#### GIVEN INFORMATION

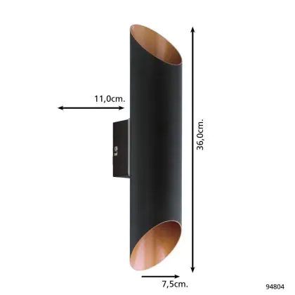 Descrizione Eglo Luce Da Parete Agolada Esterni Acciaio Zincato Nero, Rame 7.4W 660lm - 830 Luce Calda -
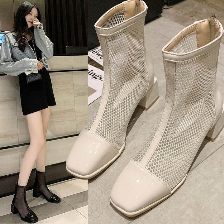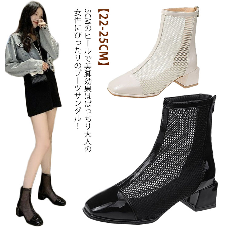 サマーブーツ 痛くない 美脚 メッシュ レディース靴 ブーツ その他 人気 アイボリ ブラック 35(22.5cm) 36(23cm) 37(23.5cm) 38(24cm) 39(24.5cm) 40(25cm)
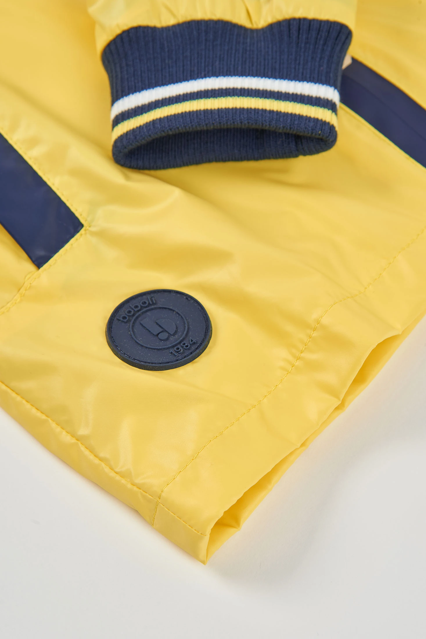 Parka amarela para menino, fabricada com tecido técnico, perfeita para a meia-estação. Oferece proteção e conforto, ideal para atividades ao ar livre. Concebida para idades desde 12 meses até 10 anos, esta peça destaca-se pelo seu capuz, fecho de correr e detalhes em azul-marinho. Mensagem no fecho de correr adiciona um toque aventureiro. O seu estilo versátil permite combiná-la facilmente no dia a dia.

#### PROBLEM DETAILS
Every line from the start of the material through the line containing "サマーブーツ 痛くない 美脚" is needed exactly as written; the pictures are not.

#### YOUR SOLUTION
 Descrizione Eglo Luce Da Parete Agolada Esterni Acciaio Zincato Nero, Rame 7.4W 660lm - 830 Luce Calda -
 サマーブーツ 痛くない 美脚 メッシュ レディース靴 ブーツ その他 人気 アイボリ ブラック 35(22.5cm) 36(23cm) 37(23.5cm) 38(24cm) 39(24.5cm) 40(25cm)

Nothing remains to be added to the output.